# taz.de -- Sterbehilfe in Deutschland: Zwei Sorten Tod
       
       > Eine Liberalisierung der Sterbehilfe ist kein Akt der Humanität. Denn
       > unserer Gesellschaft ist es nicht wichtig, dass alle Mitglieder
       > überleben.
       
 (IMG) Bild: Wer wird am Leben festhalten?
       
       [1][Walter Jens] war zeit seines Lebens einer der vehementesten Verfechter
       der Sterbehilfe. Sein Sohn Tilman Jens erzählt in [2][„Demenz – Abschied
       von meinem Vater“], dass er auch privat von seiner Familie verlangte, ihn
       sterben zu lassen, sollten seine geistigen Kräfte nachlassen. Als dann die
       Demenz festgestellt wurde und sich im Laufe der Zeit immer stärker
       manifestierte, sprach er zwar weiterhin davon, bald sterben zu wollen;
       beendete seine Vorträge aber regelmäßig mit dem Satz: „Heute jedoch nicht.“
       Schlussendlich war es der Sohn, der es nicht fassen konnte, wie sein Vater
       glücklich Kaninchen fütterte und sich zufrieden die ihm gereichten
       Wurstwecken einverleibte – der Vater, dieser große Gelehrte! Der dieses
       Leben nie wollte! Und jetzt einfach – glücklich war! Wie kann das sein?
       
       Es ist nur eine Anekdote, aber eine, die geeignet ist, die Differenz
       zwischen Ideal und Wirklichkeit beim Thema Sterbehilfe aufzubrechen.
       Idealist*innen waren enttäuscht davon, [3][dass der Gesetzgeber sich
       wieder einmal nicht auf ein Modell zur gewerbsmäßigen Regelung der
       Sterbehilfe einigen konnte]. Diese Neuregelung war nötig geworden, weil das
       Bundesverfassungsgericht ein prinzipielles Verbot gewerbsmäßiger
       Sterbehilfe für verfassungswidrig erklärt hat (gewerbsmäßig heißt hier
       nicht, dass damit Profit gemacht wird, sondern dass das Angebot zur
       Assistenz regelmäßig geschieht).
       
       Bei Gesundheitsthemen kommt es regelmäßig zu Konflikten zwischen den
       Freiheiten einer gesunden Mehrheit und der Sicherheit einer gefährdeten
       Minderheit. Besonders heftig wurde dieser Konflikt während der
       [4][Coronapandemie] und zuungunsten der Gefährdeten entschieden.
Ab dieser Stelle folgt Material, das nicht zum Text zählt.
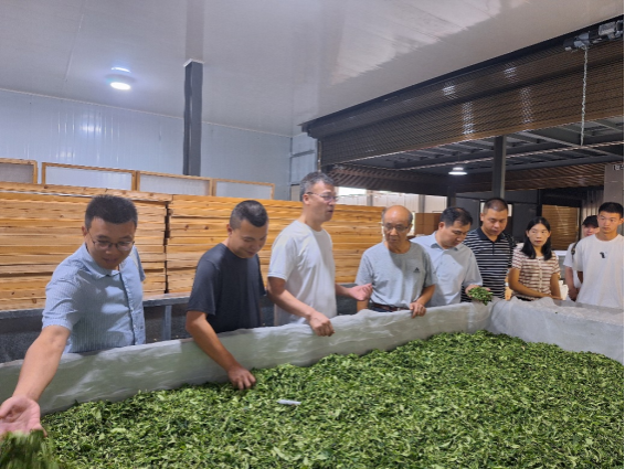 在康硒天茗公司,江昌俊教授与企业负责人和技术人员就秋季茶园管理、夏秋茶加工和品质控制等方面存在的问题,提出了针对性的解决方案。此外,江昌俊教授还指导科研人员开展了夏秋生产过程取样工作,用于研究茶叶加工过程品质成分变化规律,为高品质夏秋茶生产提供技术参考。
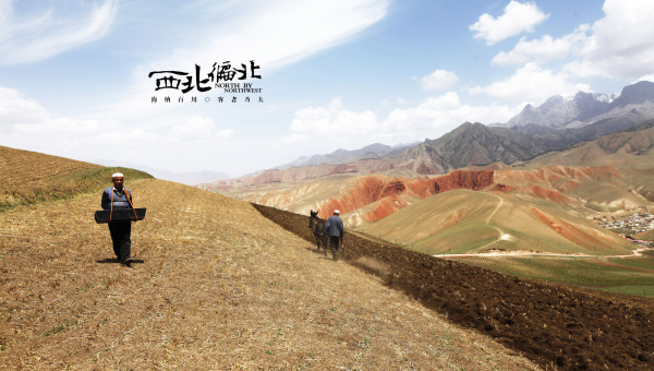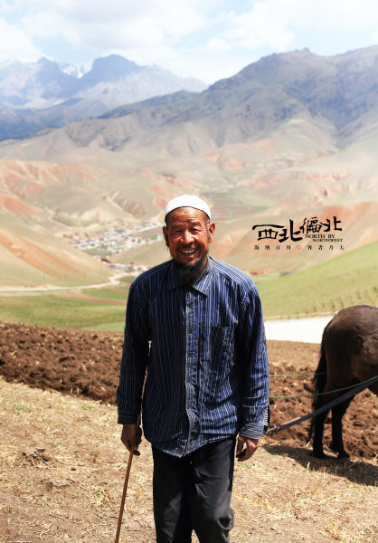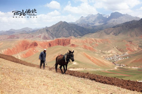 大叔在山上耕种,远方是丹霞地貌和雪山,山脚下是他居住的村落。
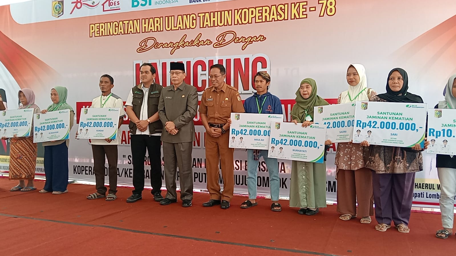 Penyerahan klaim jaminan sosial ke ahli waris peserta disaksikan pimpinan OPD, kepala desa dan pengurus koperasi merah putih yang menghadiri peluncuran 254 Koperasi Merah Putih dan peringatan Hari Koperasi yang digelar di Pendopo Bupati Lombok Timur.

Auch beim
       Thema Sterbehilfe hat sich das Bundesverfassungsgericht auf die Seite der
       liberal Autonomen geschlagen, als es entschied, dass für eine Sterbehilfe
       Erkrankungen und dergleichen keine Rolle spielen, das Motiv also egal ist,
       mit [5][den Worten des Gerichts]: „Die Freiheit, sich das Leben zu nehmen,
       umfasst auch die Freiheit, hierfür bei Dritten Hilfe zu suchen und Hilfe,
       soweit sie angeboten wird, in Anspruch zu nehmen.“
       
       Es ist dies ein gefährlicher Weg; ein Weg, der so tut, als hätte jedermann
       immerzu eine Wahl und als wäre das Gesundheitssystem tatsächlich ein
       Hilfesystem (was es auch ist) und nicht eine Zermürbungsmaschine (als das
       es sich insbesondere bei chronischen Erkrankungen häufiger erweist). Dieser
       Weg entspringt der Überzeugung, dass der Mensch dann am glücklichsten ist,
       wenn er für sich selbst einsteht und unabhängig ist.
       
       Zu dieser Idee des freien Menschen gesellt sich eine Politik, die
       Abhängigkeit bestraft. Hilfen sind teuer, das Geld wird knapper, die Zahl
       derjenigen, die Hilfe brauchen, wird größer, und in der Pandemie hat sich
       gezeigt, dass ein relevanter Teil der Ärzt*innenschaft sich nicht
       schützend vor besonders gefährdete Personen stellt, sondern lieber für die
       Aufhebung von Maßnahmen eintritt (so beispielsweise der Chef der
       Kassenärztlichen Bundesvereinigung, Andreas Gassen, als er im Januar 2023
       ein Ende der Maskenpflicht in Arztpraxen forderte).
       
       [6][Jetzt nehmen die Fälle neurodegenerativer Erkrankungen zu], es wurde in
       Notaufnahmen [7][triagiert], es gibt dokumentierte Fälle von Bitten aus den
       Rettungsstellen an Altenheime, infizierte Patient*innen nicht
       einzuweisen; und trotzdem wird diesem System eine letztinstanzlich
       objektive Entscheidungsfindung anvertraut, ob jemand beim Sterben geholfen
       werden darf oder nicht. Weil alles andere zu teuer wäre.
       
       ## Es geht nicht um das Recht auf Suizid
       
       Es ist wichtig, noch einmal festzuhalten, worum es in den jetzt
       diskutierten Gesetzentwürfen geht: Es geht nicht um das Recht auf Suizid,
       es geht nicht einmal um das Recht auf assistierten Suizid. Beides ist
       erlaubt und Zweiteres wird in Einzelfällen auch praktiziert. Worum es jetzt
       geht, ist eine Liberalisierung bestehender Praktiken.
       
       Wenn wir über Sterbehilfe reden, müssen wir mindestens über zwei Sorten Tod
       sprechen: über den medizinischen Tod, den Tod des Körpers; und über den
       sozialen Tod, den ich etwas pathetisch den Tod der Seele nennen möchte. Ein
       Beispiel für den seelischen Tod ist besonders gut in [8][Fritz J. Raddatz’
       Tagebüchern] dokumentiert, der den Verlust an Ansehen und sozialer
       Teilhabe, die das Alter mit sich bringt, nicht erträgt; darüber auch
       schwermütig wird, wütend und gallig und irgendwann nicht mehr mag.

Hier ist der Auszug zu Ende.